Eye on 2024: The Modi-Shah game plan behind change of guard in key heartland states
The Bharatiya Janata Party has effected a major overhaul in ranks with the announcement of three largely unknown faces as its choice for chief ministers in the Hindi heartland states of Madhya Pradesh, Rajasthan and Chhattisgarh. The generational shift in the top leadership in the three key states in the Hindi heartland, a belt that the BJP under Prime Minister Narendra Modi draws its maximum strength, also marks the end of the Vajpayee-Advani era of the BJP.
With the phasing out of towering personalities like Shivraj Singh Chouhan, Vasundhara Raje and Raman Singh, the party now has no chief minister in any state where it is in power who had served before 2014. Perhaps the only recognisable face among the BJP’s three CM picks is Vishnu Deo Sai who has been appointed as the legislature party leader in Chhattisgarh. While the party chose old RSS hand and three-time MLA Mohan Yadav as the Madhya Pradesh CM, Vishnu Deo Sai served as a union minister and the president of the state’s party unit. In Rajasthan, the party announced first-time legislator Bhajanlal Sharma as the new CM of the state.
The ‘Naya BJP’
The selection of the new chief ministers in three key states has a clear stamp of the Modi-Shah strategy. While critics dismiss it as a bid by the central leadership to concentrate power within itself by appointing low-profile leaders and ensuring absolute obedience, the BJP claims the reality as quite the opposite. What is evident from the choices though is that the party has its sights set on the Lok Sabha elections in 2024.
The BJP has struck a fine balancing act in the phasing out of the old and bringing in the new. Mohan Yadav’s choice as the Madhya Pradesh CM signifies the party’s outreach to the Other Backward Classes community, a vote bank that PM Modi has cultivated through his welfare schemes. With Yadav’s appointment, the party has attempted to break into a territory that it has so far failed to breach – the powerful Yadav vote bank. While non-Yadav OBCs have rallied behind the BJP in past general elections, Yadavs have so far preferred to vote for other family parties such as RJD in Bihar and the SP in Uttar Pradesh. With the MP CM choice, the BJP has tried to woo Yadav voters into its fold and also sent them a signal that they do not need to bank on family parties alone.
Also Read: Election Results 2023: Why BJP’s Rajasthan win should leave Modi-Shah worried
Similarly, picking Vishnu Deo Sai, a leader from the ST community, is being seen as an attempt by the BJP to expand its tribal outreach that began with the appointment of Droupadi Murmu as the President.

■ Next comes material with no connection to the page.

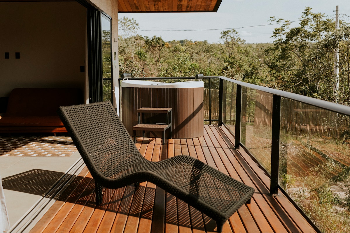在森林中,玻璃和木材製成的溫馨私人小屋,四周環繞著純淨的水域和豐富的自然景觀。 位於一個非常特別的村莊,磨坊,距離上天堂(Alto Paraíso)12公里(土路),這裡是一個迷人的旅遊景點,天使和大天使瀑布。 住宿的建造優先考慮舒適性和隱私。 非常適合情侶入住。除了陽臺上的按摩浴缸外,房客還可以在距離平房僅50公尺的露臺上享受河流浴和日光浴。

In Rajasthan, on the other hand, picking Bhajanlal Sharma as the Chief Minister signifies the party’s intent to keep its Brahmin and upper caste vote, its traditional support base, intact. The choice of Deputy CMs — Diya Kumari and Prem Chand Bairwa in Rajasthan, and Jagdish Devda and Rajendra Shukla in MP — also shows the BJP’s attempts to strike the right caste balance. While Diya Kumari is a Rajput face, Bairwa is a Dalit. Similarly, Devda is a Dalit face while Shukla is a Brahmin.
Negating Opposition’s caste card
A victory such as the one BJP has registered this time has set off speculation that the return of the Modi government for a third term in 2024 is imminent. However, when it comes to the BJP under Modi and Amit Shah, expect them to leave nothing to chance. Much of the campaign of the Opposition in the Hindi heartland — the Congress, in particular, centred around the issue of caste census. That promise, coupled with the hope of a possible overhaul of the reservation regime based on the findings of a caste-based survey, however, found few takers.
Also Read: BJP picks Bhajanlal Sharma as Rajasthan CM, Diya Kumari and Prem Chand Bairwa as Deputy CMs
The BJP was also repeatedly asked how many OBC chief ministers it has picked so far. The caste mix that the seven new appointees represent, however, takes the punch out of the bias that the Congress has tried to label the BJP with. Three of the seven appointees are upper caste, two are Dalits, one is an OBC and one is a tribal. The lethal mix also gives the BJP the ammo to counter the Opposition on its own dilemma on the caste census – something made evident by Karnataka Deputy CM DK Shivakumar’s Opposition to the release of the caste survey report cleared by Siddaramaiah.